Bankers are traveling again, and hiring might slow down
If you're in an airport this summer, you might encounter a newly unfamiliar sight. Senior bankers who spent the pandemic hunkered down in country homes are back on the road. The peripatetic managing director (MD) is a thing again.
Some MDs have been traveling for at least a month already. Drew Goldman, Deutsche Bank's global head of investment banking advisory and coverage, said in May that he was "back on the road seeing clients," and that it was "so good" to be doing so. Tyler Dickson, Citi’s co-head of global banking, capital markets and advisory, said earlier this month it was time to get back on the road and “engage more directly with clients” now that “the vaccines were flowing.”
Traveling about on expenses has certain lifestyle and psychological benefits, especially if you're habituated to eating on room service and unused to spending a large amount of time at home. - "I used to travel every week. I'd always be in Asia or America, and suddenly I'm here in front of the PC all day," one executive director confided in March 2021."It's been very hard on my mental health."
However, with senior staff traveling again, mid-ranking bankers and recruiters are anticipating a change to timbre of the overheated hiring market, and to the amount of work being dumped on juniors. "Bankers are back to traveling, and it's slowing down production," says one finance recruiter in New York City. Time spent travelling is mostly unproductive, he adds: when senior bankers are sitting at home, they can have endless Zoom meetings with clients and then ask juniors to put relentless pitches together as a result.

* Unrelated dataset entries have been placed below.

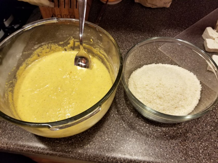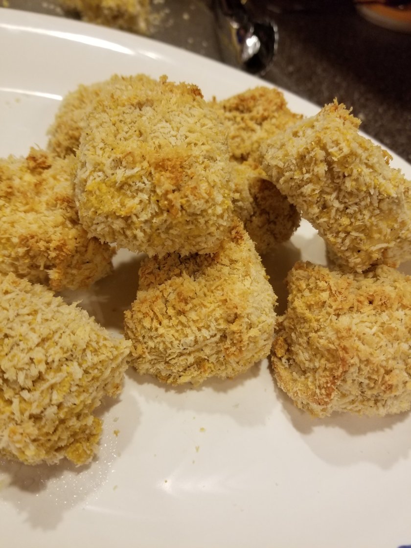 Fast forward to early this year when I found an amazing popcorn tofu recipe to put the new air fryer to good use. These delicious tofu nuggets give new meaning to the phrase “tastes like chicken.” The inside is soft, while you get a really crunchy, flavorful outer shell from the batter and breadcrumbs. While it may not exactly be chicken, you probably wouldn’t know it was tofu unless someone told you! You can make the pieces as small or as large as you like. I usually break the tofu apart to get 12 per block. It’s possible to make them even smaller to get the full “popcorn” effect, but I found I risked the tofu crumbling, even when using extra firm. Besides, bigger pieces means you don’t have to reach for more as many times. š I like to make 2 blocks, because you really can’t have enough of this, but you can halve this recipe and make enough for 3-4 people. It just depends how hungry your crowd is!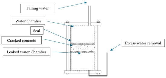 Figure 6, the following materials are required: a cubic specimen with a completely penetrated interface, a cylindrical PVC tube measuring 60 mm in diameter and 15 to 30 mm in height, a rubber membrane measuring 60 × 80 mm and 0.2 mm in thickness featuring a circular opening, a rubber disc with a diameter of 160 mm and a thickness of 10 mm equipped with an internal circular opening, a support structure to hold the specimen in place, a flask or jug for water collection, and a graduated cylinder for precise volume measurement. A flow regulator is adjusted to deliver water at 0.069 mL/s or 4.16 mL/min, ensuring a total water volume of 83.2 ml over 20 min. A hot glue gun and sticks seal any lateral cracks in the specimen.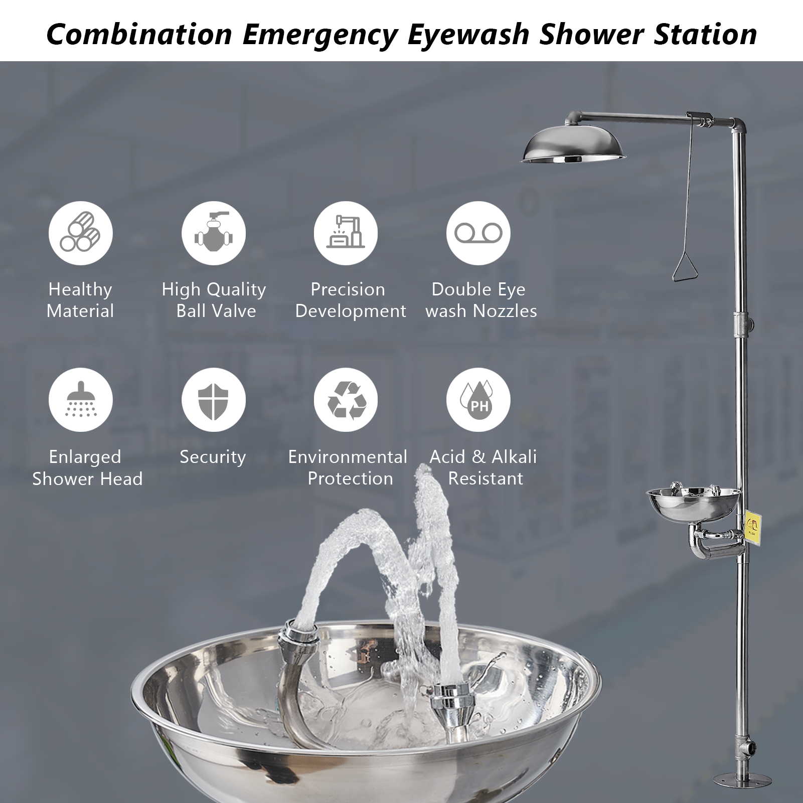 This combination of eyewash and shower stations is made of durable 304 stainless steel material with ABS coating, no harmful substances precipitated. It is used to give cleaning to eyes, face, and body at any time in order to minimize damage and harm when exposed to harmful chemicals.

"The massive gains in revenues have come on the back of blood, sweat and tears," says one vice president in New York City. "The extra time we gained from working remotely has simply gone into additional work and this has helped drive revenues across the industry. But everyone's bleeding and everyone's burned out. Working from home has been more intense for everyone, including MDs - it's not just juniors who've been pulling all-nighters."

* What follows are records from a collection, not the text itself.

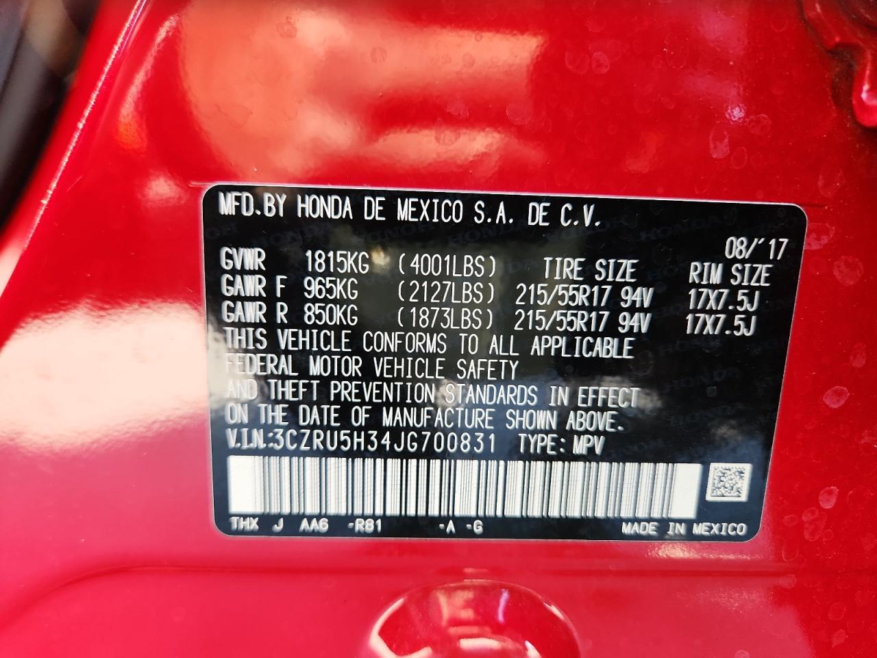 Цвет КрасныйЦилиндры 4VIN 3CZRU5H34JG700831Состояние НеизвестноПовреждения Передняя или задняяДата аукциона 2025-12-09 AutoRIA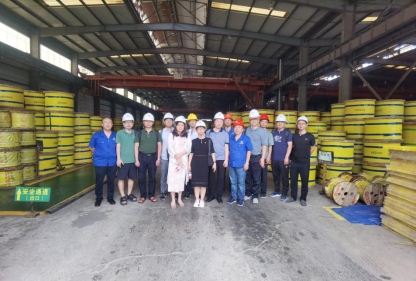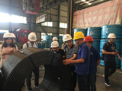 座谈会后,在梁总的带领下,吴家福副经理一行到生产车间进行参观。在生产车间,看到钢材在拉丝、绞股、热处理等一道道工序最后打包成一捆捆的成品,公司教师们就关注的问题与车间现场师傅进行交流,并留下联系方式以便进一步深入交流。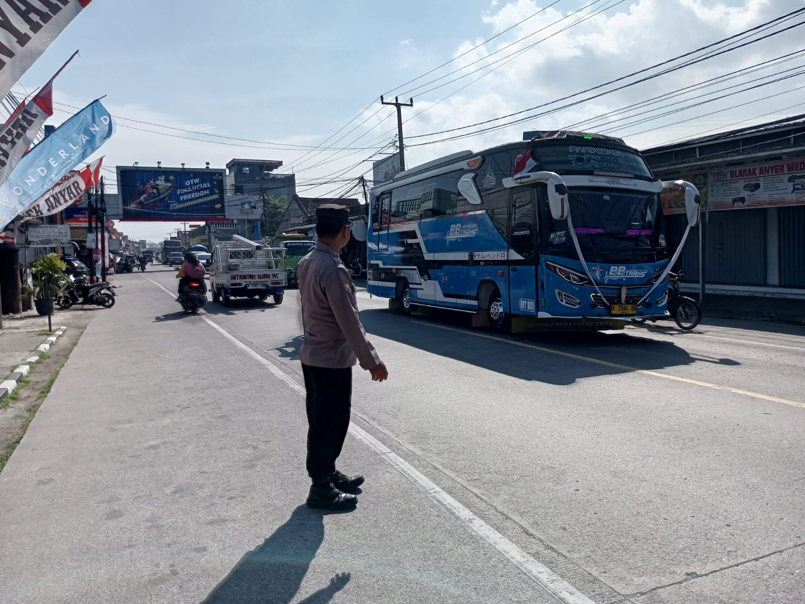 Polsek Anyar Mengatur Lalu-Lintas Pada Arus Wisata di Jl. Raya Anyar.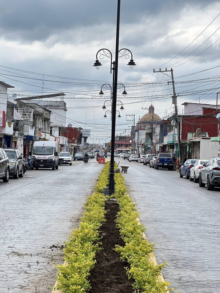 En esta acción se llevan a cabo trabajos de jardinería y embellecimiento con plantas Duranta verde y morada, Palma Cica y Jícara, decoradas con piedra volcánica blanca, guinda y negra, realzando la imagen urbana de una de las principales vialidades del municipio.

From this perspective, the resumption of travel and the return to the office has the potential to prompt a reversion to normal working practices and maybe even to more normal levels of work. At $60bn in the first half, investment banking fees were at record levels, but there were also signs that areas of the market are softening - European investment grade bond issuance halved compared to 2020, for example.

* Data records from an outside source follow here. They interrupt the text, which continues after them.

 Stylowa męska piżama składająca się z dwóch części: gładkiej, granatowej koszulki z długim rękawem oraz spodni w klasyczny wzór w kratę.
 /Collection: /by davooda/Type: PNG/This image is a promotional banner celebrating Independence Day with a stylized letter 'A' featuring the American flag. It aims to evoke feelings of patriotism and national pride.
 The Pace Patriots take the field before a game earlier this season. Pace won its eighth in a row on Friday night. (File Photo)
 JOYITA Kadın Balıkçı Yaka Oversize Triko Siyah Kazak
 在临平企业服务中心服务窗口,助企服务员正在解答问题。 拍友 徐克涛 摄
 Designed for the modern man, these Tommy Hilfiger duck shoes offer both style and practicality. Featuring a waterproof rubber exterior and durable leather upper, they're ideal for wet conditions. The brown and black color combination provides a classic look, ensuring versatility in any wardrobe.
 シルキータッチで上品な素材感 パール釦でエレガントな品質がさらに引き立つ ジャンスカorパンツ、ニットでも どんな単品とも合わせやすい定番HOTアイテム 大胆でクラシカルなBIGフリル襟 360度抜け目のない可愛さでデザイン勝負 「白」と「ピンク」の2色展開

As normality returns, some are suggesting that workloads will fall and that the need for hundreds of additional junior bankers will subside. Others are not so sure. "There will be a huge talent war for 18 months," says Stefan Pillinger, managing director of search firm Pinpoint Partners. "Banks are bidding-up, there simply aren’t enough candidates togo around, and the banks losing candidates have to rehire. It will be like this until summer 2022."